If you didn't know I'm a tech geek. Have been for over 20 years and currently work for a fortune 500 company as an IT consultant. So it's with some interest that I read the Gamasutra article about Warhammer Online's Virginia server farm. Keep in mind it's an "Intel sponsored" article, which is a euphemism for "advertisement". And it is repleat with what one would expect from that sort of thing. However, the grist of what I was really interested in starts on page 2 and gives you a bit of a glipse into how those pixils come to life.
"Our Server Farm in Virginia, for example," Mann said, "has about 60 Dell Blade chassis running Warhammer Online-each hosting up to 16 servers. All in all, we have about 700 servers in operation at this location."
Problem is that Lum predicts Warhammer will have all of one "server" (meaning world cluster) as 2010 comes to a close. Unfortunately I'm inclined at agree as Mythic has been forced to shutter 3/4's of their "servers" over the past several months. Warhammer just didn't pan out like many claimed it would and from most accounts Mythic isn't doing the things they really need to be doing in order to correct the underlying issues that have lead to that exodus of players. All we really know is that Warhammer has somewhere less than 300k players currently, though I suspect they are south of 200k.

This is the part I think a lot of people really need to become more aware of when they question development decisions. Why exactly do you not want Auction Houses in Dalaran for instance. Answer: because that would certainly concentrate too many people in one small place too often.

As might be expected in a game scenario in which the levels of participation vary dramatically at different times of the day, in different regions, and with different types of activity, performance scaling is an essential component of successful server operation.
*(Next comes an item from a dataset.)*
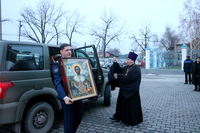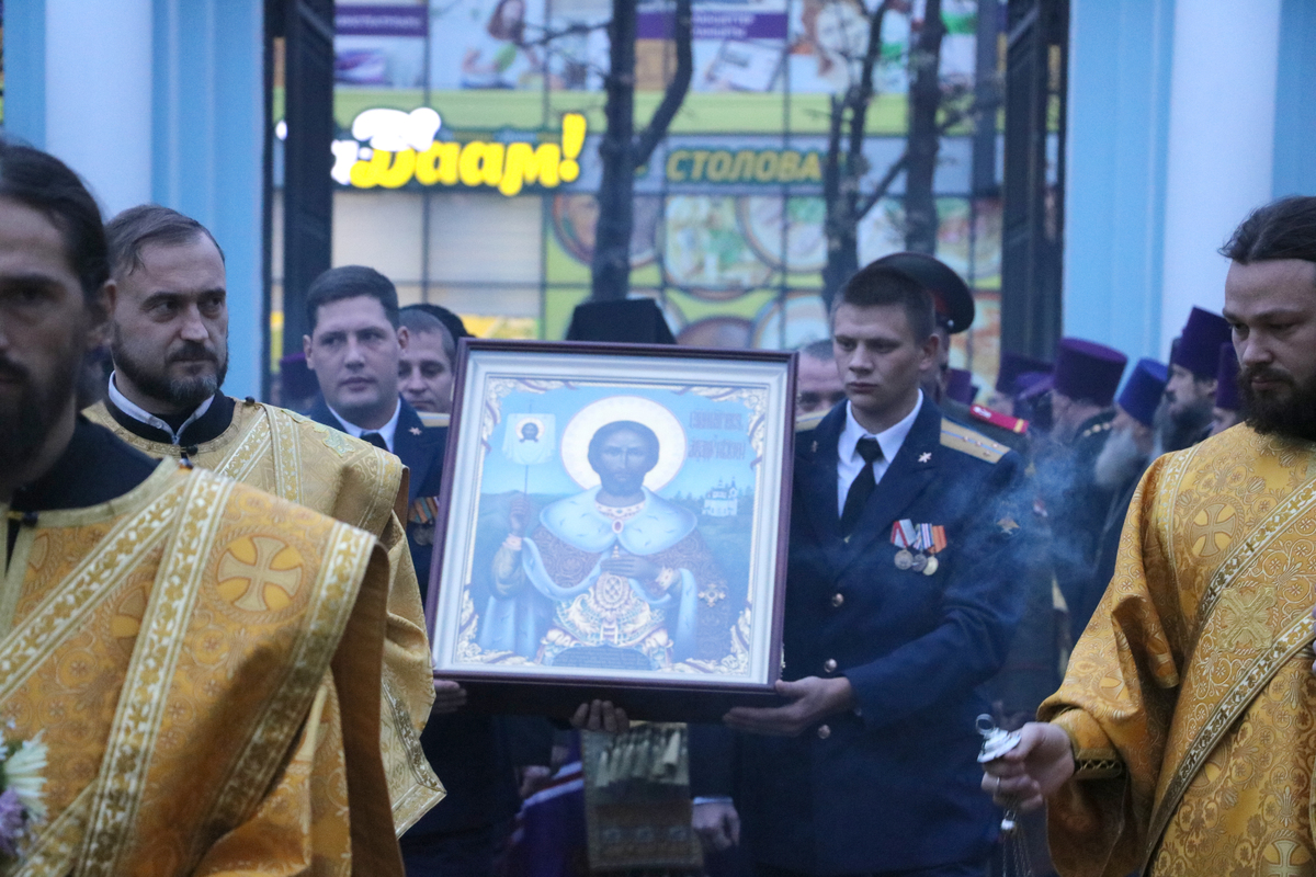 Образ благоверного князя был торжественно встречен правящим архиереем епархии епископом Даниилом, духовенством епархии и прихожанами Свято-Воскресенского кафедрального собора.
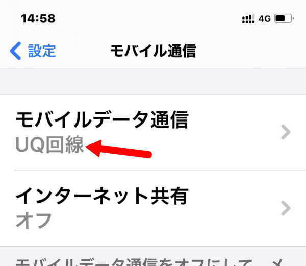- 「設定」の「モバイル通信」で、「モバイルデータ通信」にUQmobileを指定し、Webの閲覧やYouTube等はUQmobileを使うように設定していました

"One of our ongoing challenges," Mann commented, "is where to distribute people in the world. Our processes-that we distribute across the physical hardware-correspond to locations in the virtual world. One of the focuses of our game, the big focus, is to get a lot of people in one place and have them all fighting with each other. And that, unfortunately, works against us in the process distribution model."

"When you put a lot of people in one place, you're putting their entire server load onto one piece of hardware. We do have some technology to mitigate that. Our scenario system (which spawns up smaller arenas for smaller teams dynamically) allows us to split people off to different pieces of hardware if we need to, dynamically, in smaller chunks."

Using this approach, the application, instead of coping with 800 people in an area on one system, can take 400 of those people out of an area and engage them in smaller fights. Most of the parallelism for these kinds of operations, Shaw noted, is done by process, not by thread.

Most players are simply ignorant of the fact that for every pixil they push around on a screen, there has to be CPU cycles and RAM on the server side that keeps track of it. Not only must it keep track of "it" but also broadcast your location to every other player in the vicinity. And every NPC in that location as well. Along with weather elements, and anything else that must be tracked or rendered. Your client might make the pretty renders for you, but it's the server backside that is coordinating the show, so when you complain about "lag" it's usually one of two things. It's either the "server" experiencing rampant processes, induced by code errors or it's a simple matter of cpu utilization. It's amazing how tuned these clusters have to be to operate a virtual world, and when you have too much activity going on in one zone the server eventually gets to a point where it simply exceeds norms. Player meet lag, lag meet player. Now, don't QQ when you ahve to hobble back to the old world for your auctions!